Brancel added that he’d just completed a book on aging that he intends to share with friends and neighbors. His ideas lean more towards individual choice rather than environment.
While I was working on this article in early fall, I sat down with Ross Jackson, another neighbor of mine, who lived in Denmark five years ago. Jackson is a schoolteacher who lives in St. Anthony Park but has been making trips back to Denmark ever since and may even move there.
Interestingly, Buettner highlighted Denmark as one of four happiness hot spots to profile in his 2017 book “Blue Zones of Happiness” because of its citizens’ high ratings for satisfaction, purpose and environments as they go about their lives. That nation has some of the lowest obesity rates in the world and the highest rates of happiness.
Jackson told me, “A lot of it is biking, but there’s more…the real connection is the built environment.”
Jackson said there are facilities for youth, designed specifically for their needs, so they have places to go after school and be with friends. Preschools are built next to parks or even embedded within them. Some have animals on site.
In the downtown area of Copenhagen, Jackson noticed a preschool with the playground on the roof. He imagines these values are played out throughout the country.
“They see the whole range of childhood activities and try to support it.”
Jackson said he’s impressed with the dedication of the adults he’s met who work with kids. He didn’t think they were necessarily paid a lot.
It’s easy for me to see why Denmark was selected as an example for Buettner’s book. It checks off all the right boxes the Blue Zones Project team espouses—government policies, a built environment, social networks, building design and residents who (especially) have a sense of purpose.
Can these ideas be transplanted and take root here?

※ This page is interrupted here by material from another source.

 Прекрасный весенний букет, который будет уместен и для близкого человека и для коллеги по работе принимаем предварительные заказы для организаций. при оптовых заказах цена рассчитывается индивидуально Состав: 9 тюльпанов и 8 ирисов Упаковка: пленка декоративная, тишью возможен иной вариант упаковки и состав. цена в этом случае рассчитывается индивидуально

Actually, they have. Albert Lea became the first Blue Zones city in the U.S. in 2009, making changes that led to a projected 2.9 years of additional lifespan after just one year of participating in the project.

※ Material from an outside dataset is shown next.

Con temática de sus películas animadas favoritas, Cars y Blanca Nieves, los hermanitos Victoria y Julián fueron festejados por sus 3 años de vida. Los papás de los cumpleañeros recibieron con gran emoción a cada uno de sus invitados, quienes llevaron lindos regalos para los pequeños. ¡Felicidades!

In 2016, 13 Iowa cities achieved Blue Zones certification and the state’s rank on the Gallup-Healthways Well-Being Index® rose two slots to 14th in the nation.
Today, there are Blue Zones Project places across the country, and the organization Buettner founded seems destined to continue to thrive as long as it brings results.

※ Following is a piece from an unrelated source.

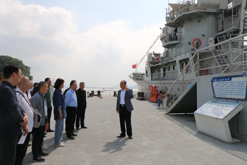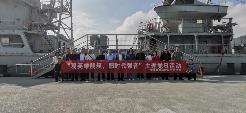 5月24日,继续教育学院教工党支部在九江舰开展“观英雄舰艇,感时代强音”主题党日活动。九江舰原副政委(代理政委)胡仁星应邀参加活动,并作现场讲解。

Rather than wait for city planners to adopt policies that will advance Blue Zones solutions that will “make the healthy choice the easy choice,” as they say on their website, I was wondering what an individual can do to get started today.
It appears Buettner has thought of this. He will be offering solutions anyone can implement, using a four-week challenge that will be published in book form in December of 2021 called the “Blue Zone Challenge.”
Doesn’t this approach sound like using individual will power rather than living naturally in a Blue Zones’ environment?
When I asked Buettner about this in a recent email exchange, he replied: “No, the focus isn’t changing. The ‘Blue Zones Challenge’ is mostly evidence-based ways individuals can shape their environment to favor unconsciously healthy choices.”
St. Paul has many advantages already. Combine it with the ideas gleaned from the Blue Zones, it seems we can all be on our way to helping ourselves and others live longer and happier lives, maybe even to 100 and beyond.
John Horchner is a writing and publishing professional who lives in St. Anthony Park.